● What needs to be done: Each line from the one containing "产品方面,茶咖观察发现,霸王" to the end of the data must be copied exactly, the first and last included; no other lines and no pictures belong in the copy.

Data segment section start

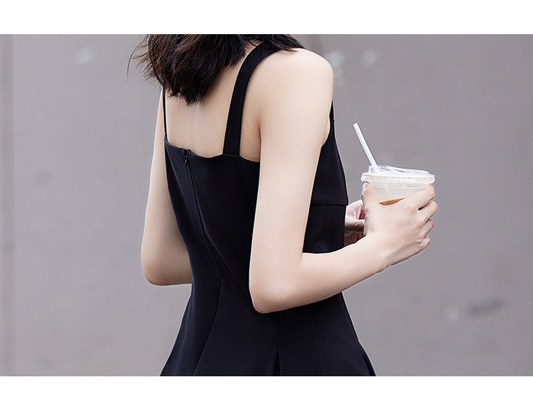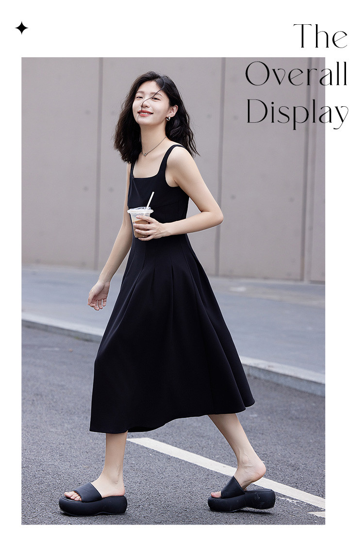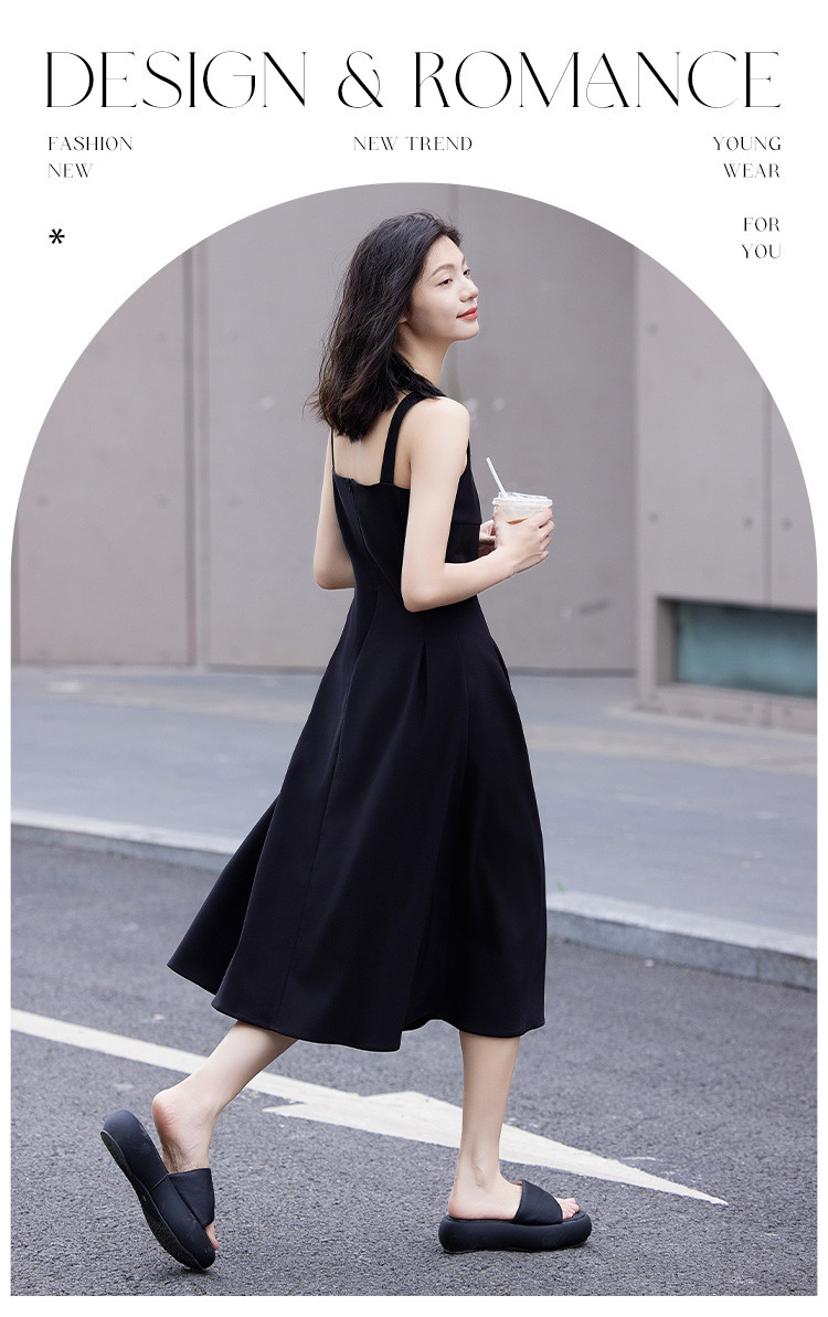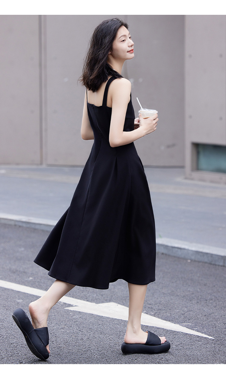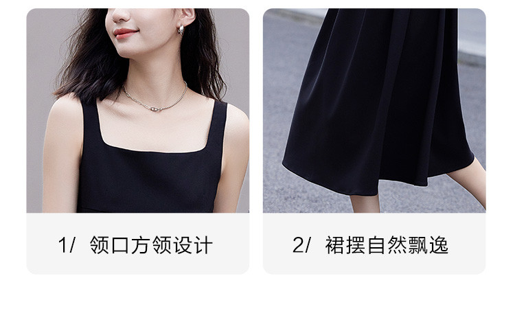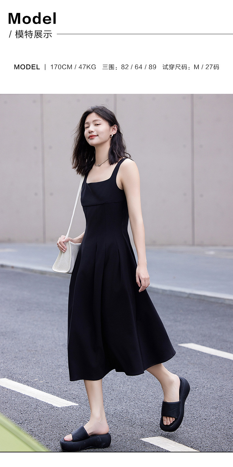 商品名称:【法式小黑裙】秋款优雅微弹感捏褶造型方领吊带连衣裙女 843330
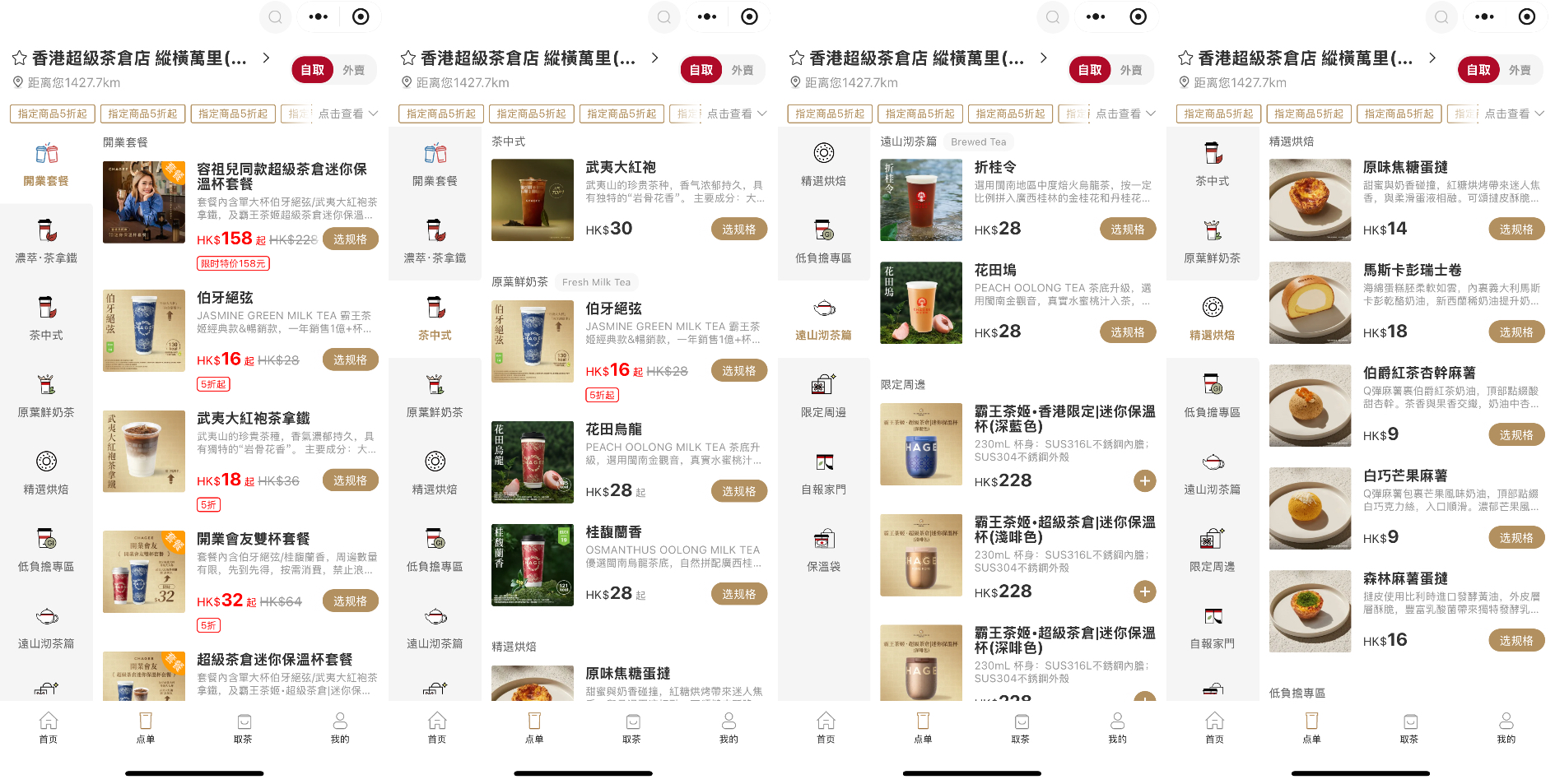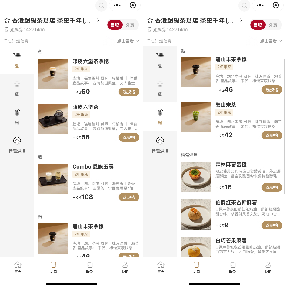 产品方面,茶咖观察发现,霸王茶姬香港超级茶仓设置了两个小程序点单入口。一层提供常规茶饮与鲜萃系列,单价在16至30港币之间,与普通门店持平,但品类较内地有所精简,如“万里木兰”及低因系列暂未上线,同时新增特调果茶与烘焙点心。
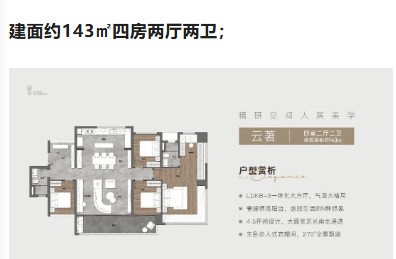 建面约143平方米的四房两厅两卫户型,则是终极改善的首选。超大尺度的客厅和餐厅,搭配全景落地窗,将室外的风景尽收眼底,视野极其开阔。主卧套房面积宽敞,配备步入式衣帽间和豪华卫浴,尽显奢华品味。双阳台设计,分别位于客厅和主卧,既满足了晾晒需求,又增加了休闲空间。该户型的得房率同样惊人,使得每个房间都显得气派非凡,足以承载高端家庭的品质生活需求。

Data segment section end

● Reply:
 产品方面,茶咖观察发现,霸王茶姬香港超级茶仓设置了两个小程序点单入口。一层提供常规茶饮与鲜萃系列,单价在16至30港币之间,与普通门店持平,但品类较内地有所精简,如“万里木兰”及低因系列暂未上线,同时新增特调果茶与烘焙点心。
 建面约143平方米的四房两厅两卫户型,则是终极改善的首选。超大尺度的客厅和餐厅,搭配全景落地窗,将室外的风景尽收眼底,视野极其开阔。主卧套房面积宽敞,配备步入式衣帽间和豪华卫浴,尽显奢华品味。双阳台设计,分别位于客厅和主卧,既满足了晾晒需求,又增加了休闲空间。该户型的得房率同样惊人,使得每个房间都显得气派非凡,足以承载高端家庭的品质生活需求。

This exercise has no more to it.